__Problem to work on__. Please return each entry that follows exactly as written, and keep the pictures out.
========================
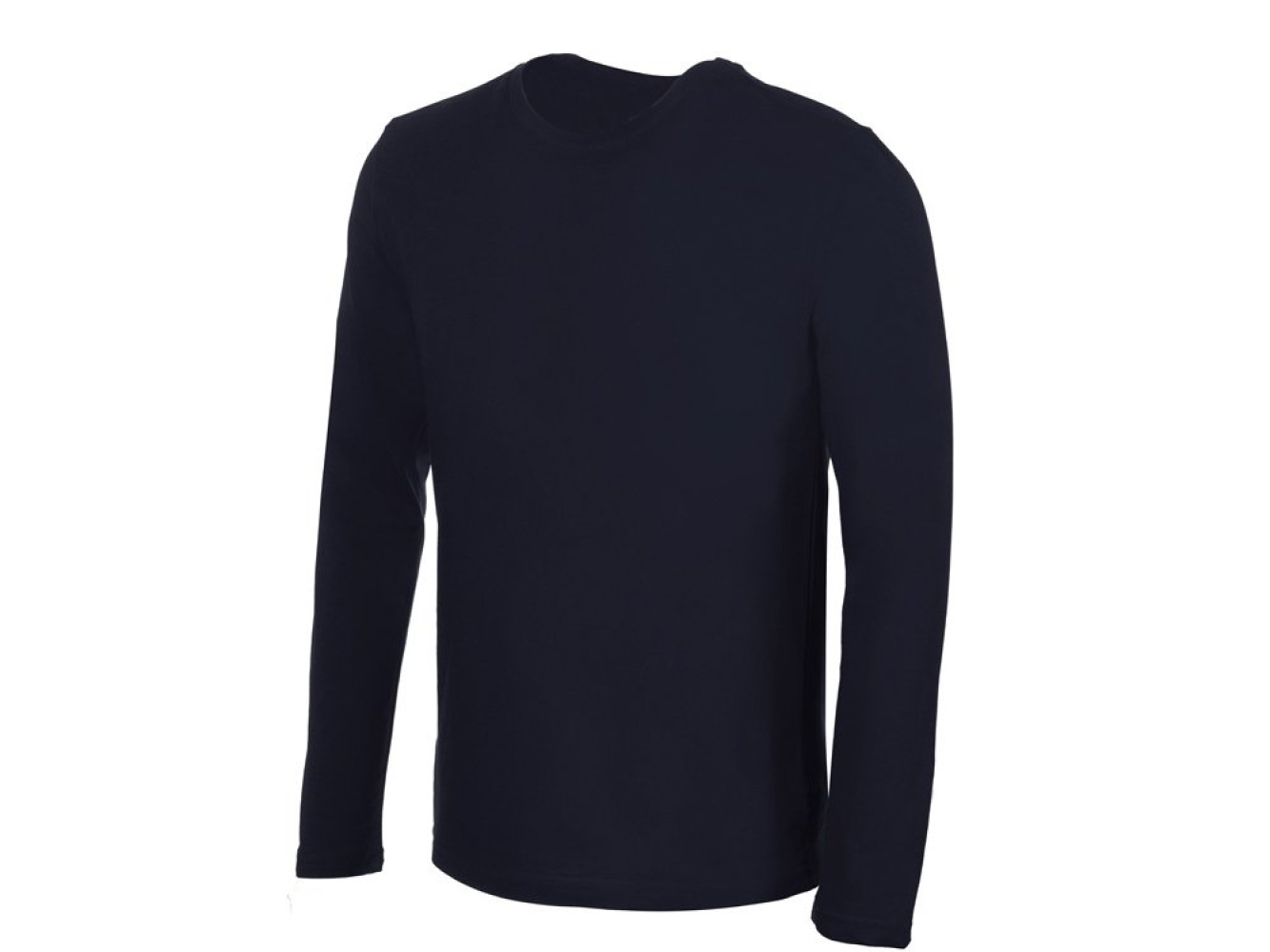 Футболка с длинным рукавом комфортной посадки с боковыми швами. Горловина обработана рибом 1х1 и тесьмой по спинке. Футболка выполнена из хлопкового джерси.
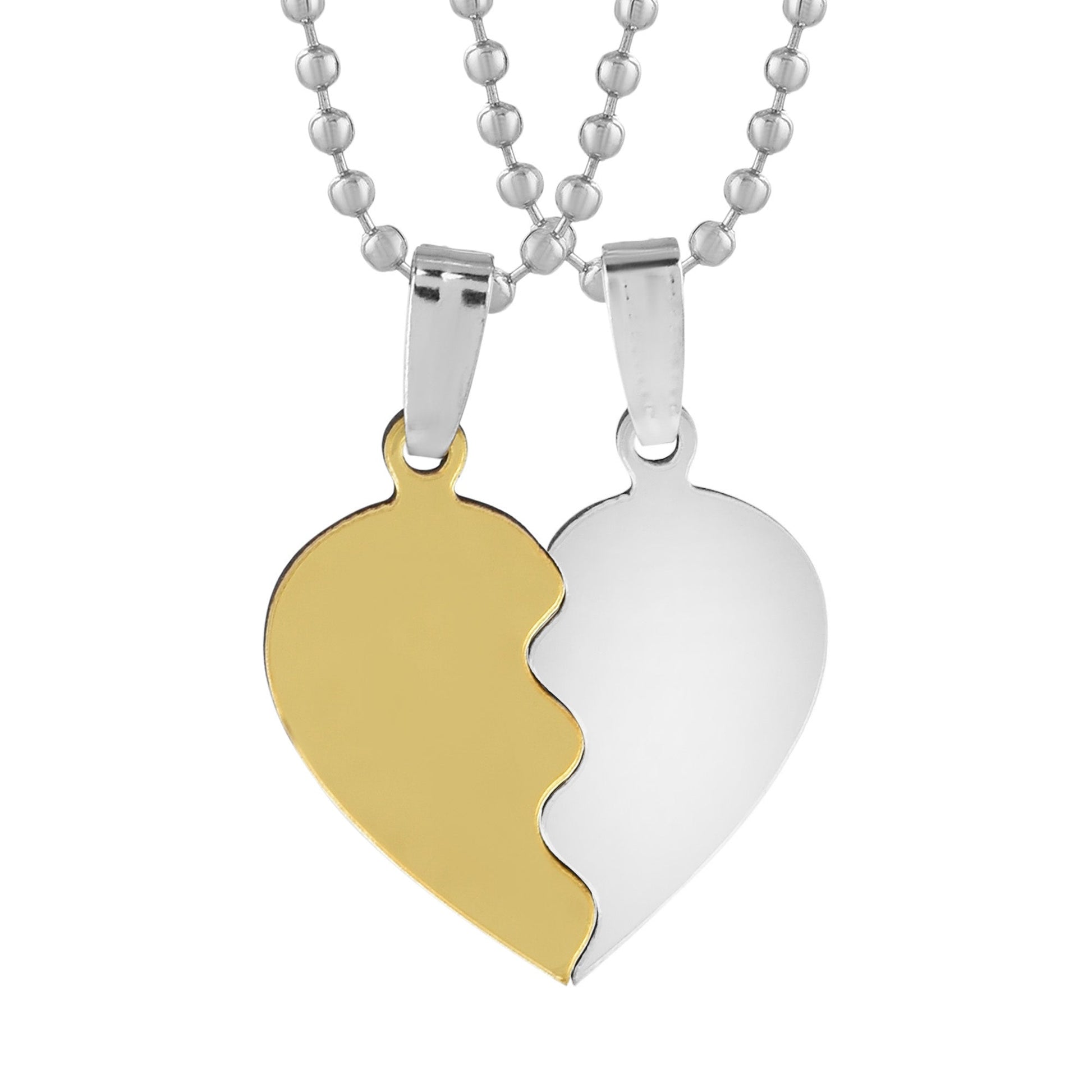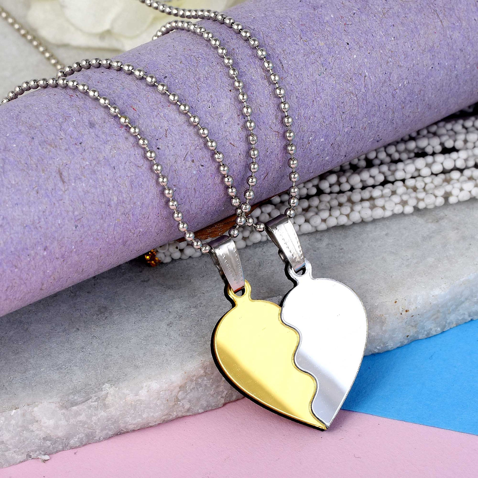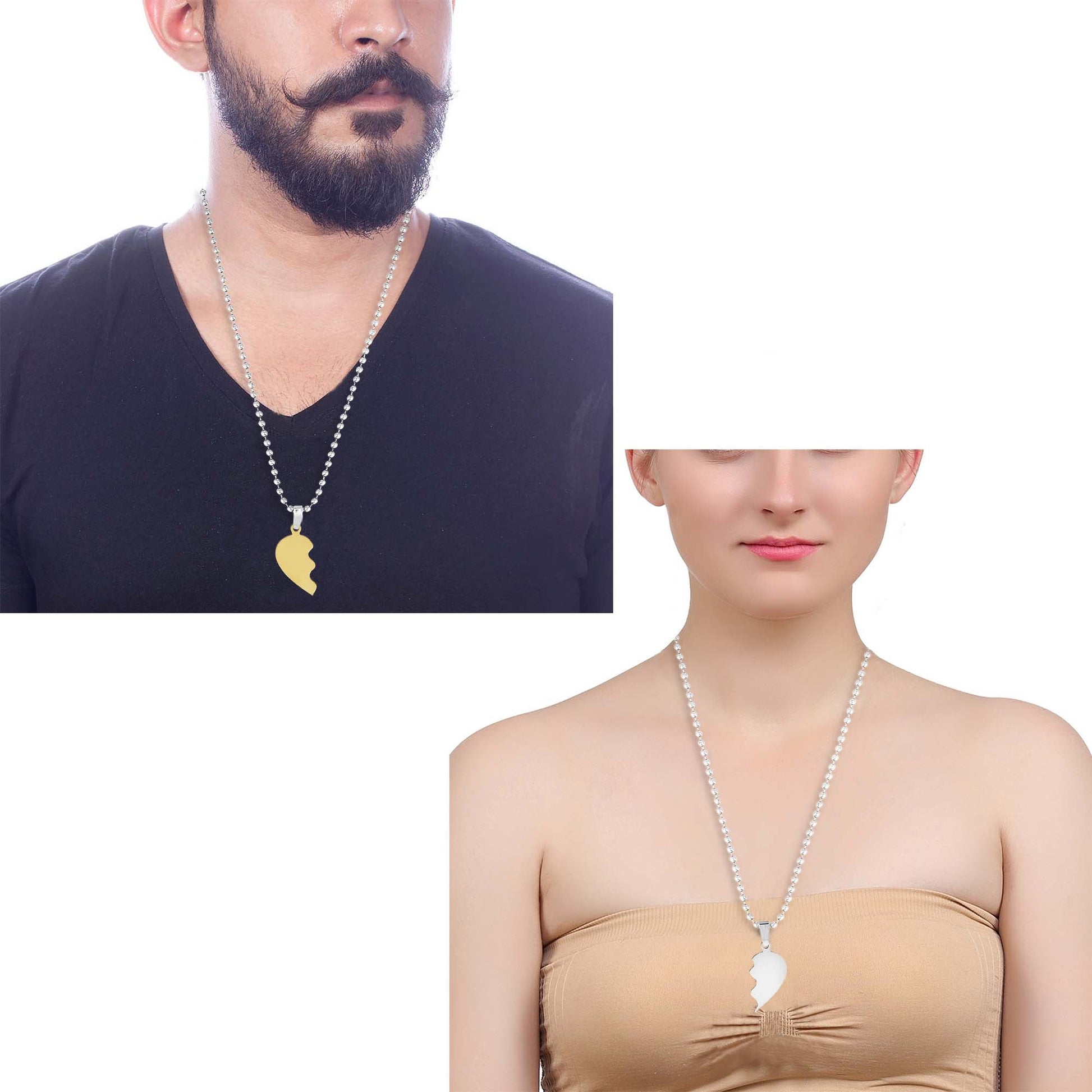 Gold & Silver Mirror Finish Two Parts Broken Heartshape Pendant
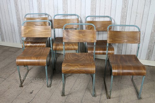 These vintage stacking plywood chairs are timeless pieces of classic and vintage industrial antique furniture.
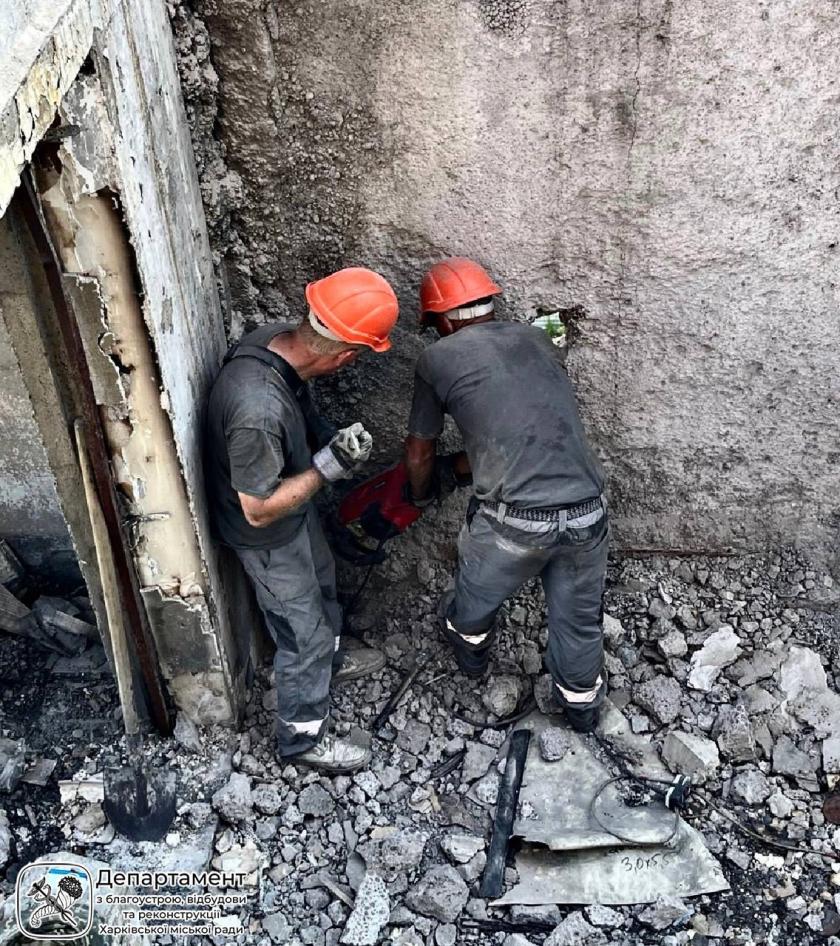 "Після влучання авіабомби було проведено детальне інструментальне обстеження будівлі, яке підтвердило: 8-й під’їзд перебуває в аварійному стані та підлягає демонтажу. Наразі вже розібрано близько 70% конструкцій цього під’їзду. Завершити роботи планується до кінця вересня", — повідомили у департаменті з благоустрою, відбудови та реконструкції Харківської міськради
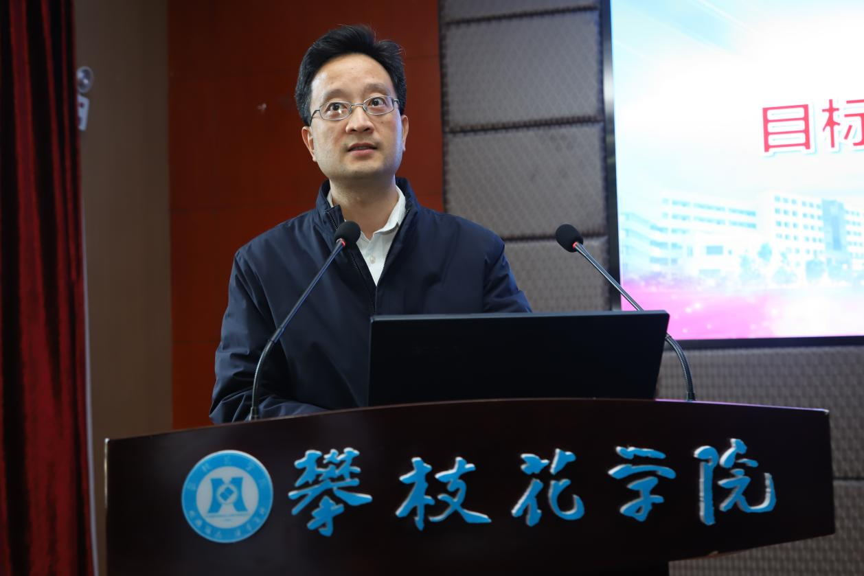 现场陈述结束后,党委书记王斌作了点评总结。他首先对年度单位目标绩效现场评议工作的方式和效果表示充分肯定,与大家一起分享了现场限时陈述的实操性技巧和心得体会,向硕果累累背后辛勤付出的攀大管理骨干表示衷心感谢。王斌希望各单位在总结成绩、丰富经验的基础上,结合发展实际,进一步开阔工作思维和视野,改进工作方式和方法,优化工作思路和举措,持续做好监督执纪“后半篇文章”、产教融合、招生就业、学报提质升级、体育教学与心理教育融合等工作,以自律、自觉、自强促发展、创一流。
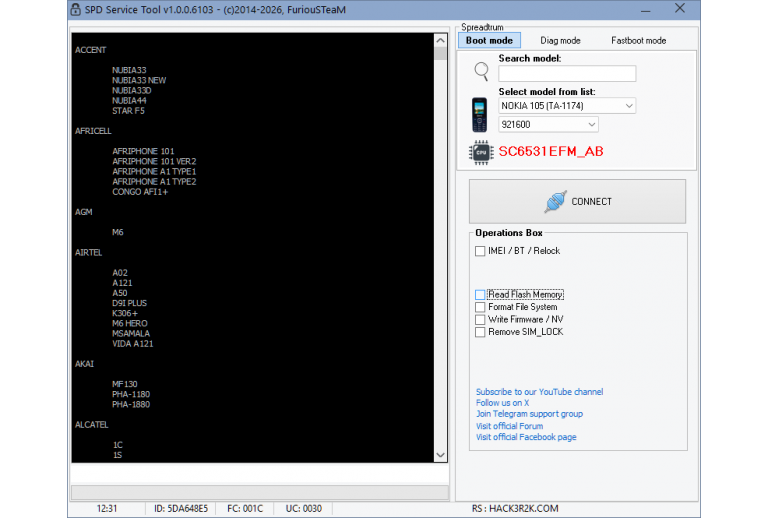 - READ/WRITE FIRMWARE - REPAIR IMEI - NETWORK UNLOCK - REMOVE SECURITY/PHONE CODE - READ/WRITE NV
========================
__Solved exercise__.
 Футболка с длинным рукавом комфортной посадки с боковыми швами. Горловина обработана рибом 1х1 и тесьмой по спинке. Футболка выполнена из хлопкового джерси.
 Gold & Silver Mirror Finish Two Parts Broken Heartshape Pendant
 These vintage stacking plywood chairs are timeless pieces of classic and vintage industrial antique furniture.
 "Після влучання авіабомби було проведено детальне інструментальне обстеження будівлі, яке підтвердило: 8-й під’їзд перебуває в аварійному стані та підлягає демонтажу. Наразі вже розібрано близько 70% конструкцій цього під’їзду. Завершити роботи планується до кінця вересня", — повідомили у департаменті з благоустрою, відбудови та реконструкції Харківської міськради
 现场陈述结束后,党委书记王斌作了点评总结。他首先对年度单位目标绩效现场评议工作的方式和效果表示充分肯定,与大家一起分享了现场限时陈述的实操性技巧和心得体会,向硕果累累背后辛勤付出的攀大管理骨干表示衷心感谢。王斌希望各单位在总结成绩、丰富经验的基础上,结合发展实际,进一步开阔工作思维和视野,改进工作方式和方法,优化工作思路和举措,持续做好监督执纪“后半篇文章”、产教融合、招生就业、学报提质升级、体育教学与心理教育融合等工作,以自律、自觉、自强促发展、创一流。
 - READ/WRITE FIRMWARE - REPAIR IMEI - NETWORK UNLOCK - REMOVE SECURITY/PHONE CODE - READ/WRITE NV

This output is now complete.